In 2005 he participated in the Danish stand-up tour "Stand-up DK|UK|OK" with Danish comedians Rune Klan, Carsten Eskelund and Geo, this went on tour around Denmark and was never released on DVD.

On a tour of Scotland in February–March 2007, Graffoe announced his intention to retire from stand-up comedy and concentrate on writing for Omid Djalili. He subsequently toured as a warm-up act for Djalili and Barenaked Ladies, but has recently announced a new tour and album (Songs for Dogs' Funerals). He is a regular performer at the annual Edinburgh Festival Fringe.

Graffoe has won several awards, including the 2002 Adelaide Fringe Award for Excellence, and the Time Out Comedy Award.

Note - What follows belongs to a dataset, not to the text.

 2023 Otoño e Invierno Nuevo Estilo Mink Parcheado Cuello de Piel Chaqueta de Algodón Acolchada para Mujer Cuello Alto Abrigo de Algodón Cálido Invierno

He has been nominated for British comedy's prestigious Perrier Award.

Radio
Graffoe started his career in 1988 on BBC Radio Lincolnshire, when he presented a two-hour programme (Boothby Graffoe Live) on Friday evenings until late 1990.

He appeared regularly on BBC Radio 4's Loose Ends with Ned Sherrin.

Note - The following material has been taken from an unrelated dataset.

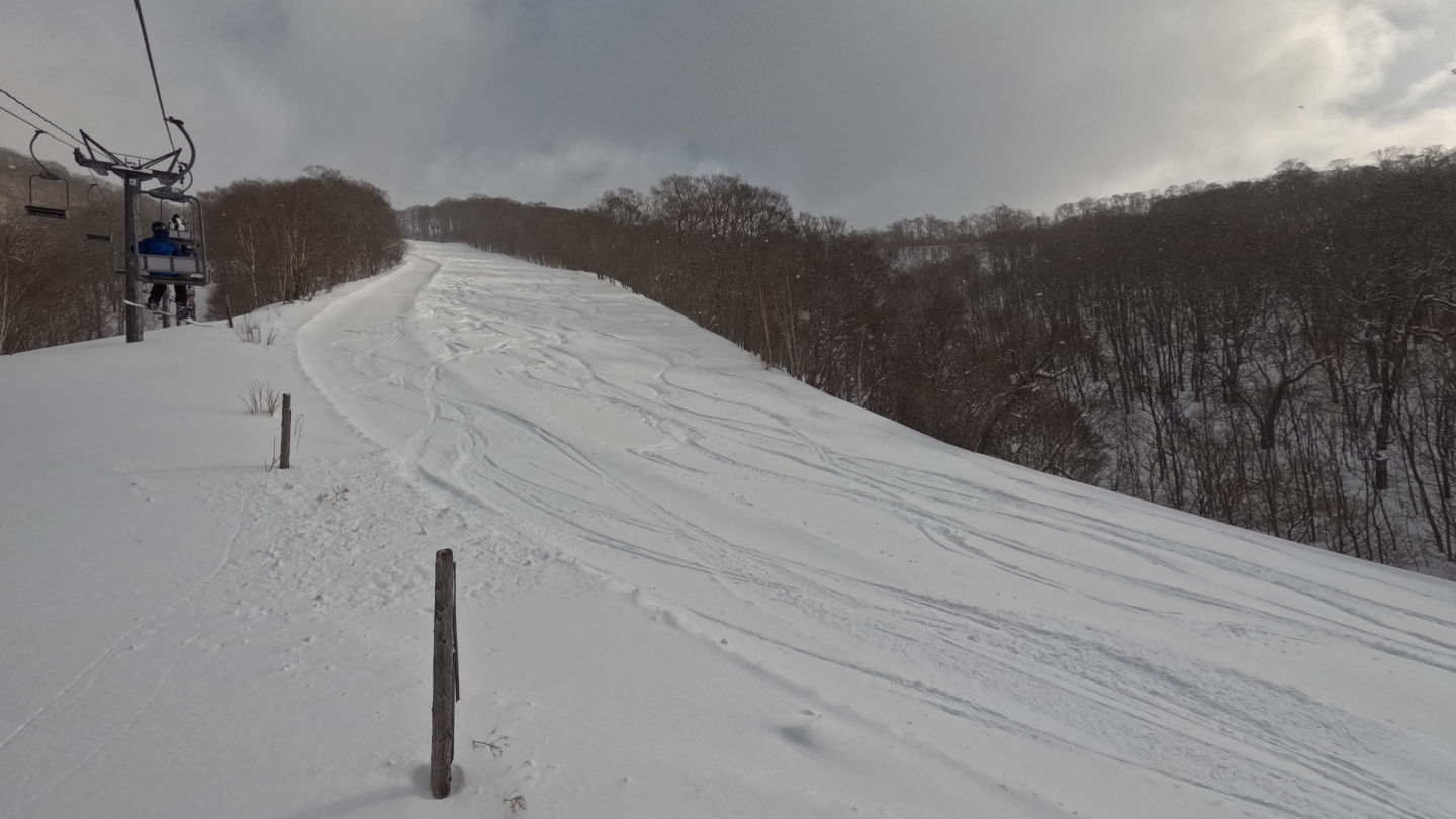 ミルキーからは、エキスパート上部が望めます.斜面にクラックが入っているのが良く分かります.

He made the following comedy and music series for Radio 4:
 The Big Booth Radio 4 (2000–01)
 Boothby Graffoe In No Particular Order Radio 4 (2003–05)

Television
In 2003, Graffoe appeared on NBC's Late Night with Conan O'Brien and also caused a stir on Opportunity Knocks during the late 1980s when he wrapped sellotape around his head for comedy effect.
In 2013 he appeared as one of a number of acts in The Alternative Comedy Experience performing at The Stand in Edinburgh and also being interviewed backstage by the curator of the show Stewart Lee.

Music
In 2004 Graffoe released his first album of songs with Antonio Forcione, Wot Italian?. A second disc followed in 2006, a live recording of a show in Brighton billed as Boothby Graffoe & the Following People, the backing band including Nick Pynn.

Graffoe has acted as support for Canadian band Barenaked Ladies on its "Last Summer on Earth" 2013 tour and on four of Barenaked Ladies' UK tours: first in 2004 for the Barenaked for the Holidays tour, then in 2007 on the Barenaked Ladies Are Me tour,  again in 2010 on the band's All In Good Time tour and finally on the band's Detour de Force tour in 2022. Boothby mostly performs solo, with various members of the band joining him to play bass (Jim Creeggan), keyboard (Kevin Hearn) and drums (guitarist Ed Robertson) for some of the songs.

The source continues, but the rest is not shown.